This implies that there exists a trade-off between the asynchronous and synchronous symbol-advancing schemes. The former has better forward channel reliability, whereas the latter



Fig. 7. Occupied bandwidth.

enables more reliable feedback given the same feedback SNR. As evaluated in Section V, a better feedback scheme can be chosen based on the SNR realization of the forward and feedback channel.

#### V. EVALUATION

We evaluate the performance of OSLA with Monte Carlo simulations. In all simulations, the average symbol length of OSLA is controlled by setting a proper threshold L for symbol advancing criteria evaluation to match the symbol length of a fixed-length scheme. For a fair error rate comparison, all schemes are evaluated with the same  $E_b/N_0$  and spectral efficiency.

Due to the variable symbol length, analyzing the spectral efficiency of OSLA is non-trivial, thus we only show results based on numerical analysis of the occupied bandwidth of OSLA compared to that of a fixed-length scheme. The occupied bandwidth is defined as the minimum frequency range that contains a certain percentage (e.g., 95%) of the total power. Figure 7 shows the cumulative power over the normalized frequency (with respect to the (coded) bit rate) of fixed-length and OSLA schemes. Rectangular pulse-shaping is assumed for both schemes.

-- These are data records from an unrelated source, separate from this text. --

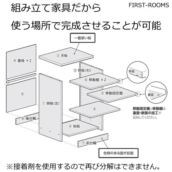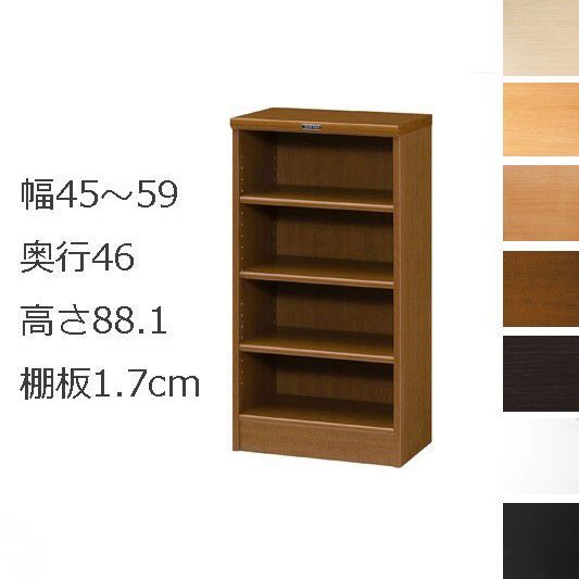 オーダーメイド、本棚です。高さ49・60・70・80・88・117・135・150・178・211cm、奥行きは19・25・31・40・46cm、カラーは12色。【本体外寸】幅45~59×奥行き46×高さ88.1cm(約)【棚板枚数】3枚【幅の内寸】全体の幅サイズから3.6cmを引いた寸法となります。※側板(縦の両脇の板)の厚みは1.7cm棚は移動可能で穴から穴までの高さ(ピッチ)は3cm【色・主材】12色・プリント紙化粧繊維板【生産国 】JAPAN※お客様組み立て商品です。(組み立て家具です)【お詫び】特注のため、お届けまで10~14日かかります。送料込ですが、北海道・沖縄・離島は別途送料がかかります。【井崎店長から一言】特別注文のため、ご注文後のサイズの変更、お取り消しがお受けすることが出来ません。サイズの確認を十分にお願いいたします。【お支払い方法について】>申し訳ございませんが、代金引換以外をお選びください。プラス・マイナスドライバーで組み立てられます。
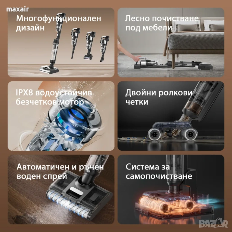 Без пропуски и мръсни места при почистване на всеки ъгъл от дома, благодарение на дизайна на въртящата се четка, достигащ до всяко място.
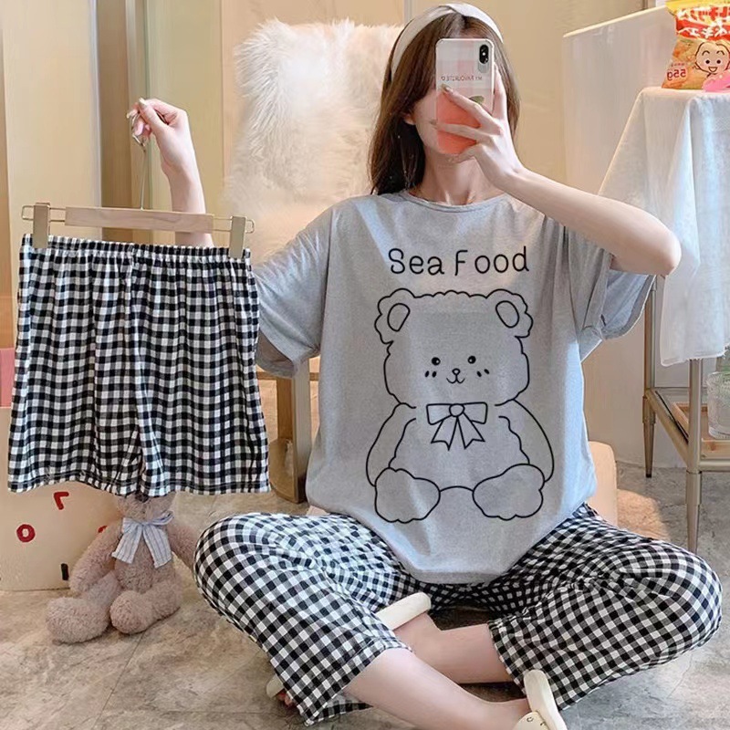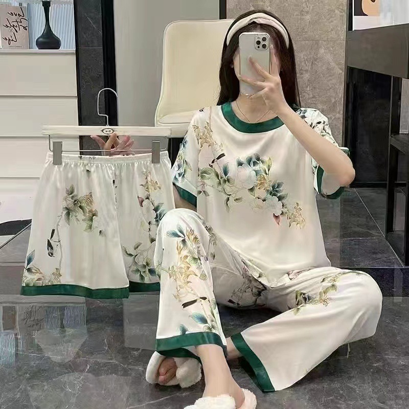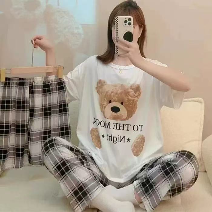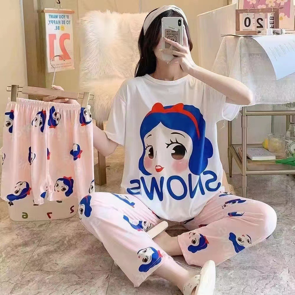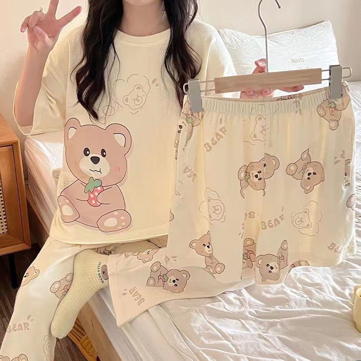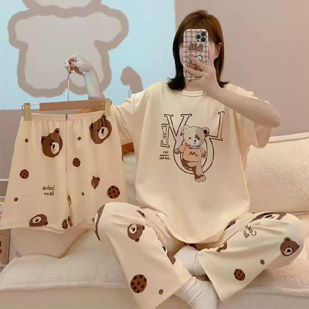 새로운 잠옷 여성 여름 얇은 반팔 바지 2025 달콤한 만화 3 피스 세트 홈 의류스토어 가기

Chip duration  $\Delta t$  in OSLA is set to be 1/(10b) of the average symbol length for a rate 1/bcoding (b = 1 for the uncoded case). Compared to a fixedlength scheme, it is observed in Fig. 7 that OSLA occupies similar cumulative power profile and bandwidth. Note that in practical systems, non-rectangular (e.g., root-raised-cosine) pulse shaping can be applied to a fixed-length scheme for reducing the occupied bandwidth. Similarly, head/tail ramping up/down can be applied to OSLA, but it is non-trivial and is left as a future work.

#### A. OSLA-BPSK

Figure 8 shows the BER performance of uncoded OSLA-BPSK for various  $\Delta t/\overline{T}_{\rm sym}$  settings. The system approaches the continuous model when  $\Delta t/\overline{T}_{\rm sym}$  is smaller, and the simulation result is well aligned with the analysis (13). Performance degradation occurs when  $\Delta t/\overline{T}_{\rm sym}$  is larger with longer feedback delay of  $\Delta t$  that results in wasted transmit energy or symbol length. The performance gap between OSLA-BPSK



Fig. 8. OSLA-BPSK BER performance and analysis.



Fig. 9. Distribution of  $N=T_{\mathrm{sym}}/\Delta t$  in OSLA-BPSK.

and fixed-length BPSK (both uncoded) is approximately 6 dB at high SNR as expected from the analysis (13).

Figure 9 plots the distribution of  $N=T_{\rm sym}/\Delta t$ , the number of chips per symbol, of OSLA-BPSK for different SNR scenarios. The expected number of chips per symbol  $\overline{N}=\mathbb{E}\{N\}$  is set (by controlling L) to 10 in the simulation. As the figure shows, the analysis (14) matches the simulation results very well. Notice the distribution of N is dependent on the SNR for a given  $\overline{N}$  (= 10 in Fig. 9). For a higher SNR, the variance of N is smaller, and its distribution can be approximated by a Gaussian distribution.

## B. Trellis Coded OSLA

Figure 10 shows the block error rate (BLER) performance evaluation of a rate-1/2 (128,64) OSLA-TBCC compared to state-of-the-art non-feedback short codes. BLER performance a rate-1/3 (150,50) OSLA-TBCC compared to other feedback-based schemes is shown in Figure 11. All schemes that have the identical coding rate also have the same spectral efficiency as shown in Figure 7. The constraint length of TBCC is set to 11 and  $\Delta t$  in OSLA is set to 1/(10b) of the average symbol length for the coding rate of 1/b. Smaller  $\Delta t$  is avoided for faster simulation although it would enhance the



Fig. 10. OSLA-TBCC BLER performance comparison with non-feedback schemes.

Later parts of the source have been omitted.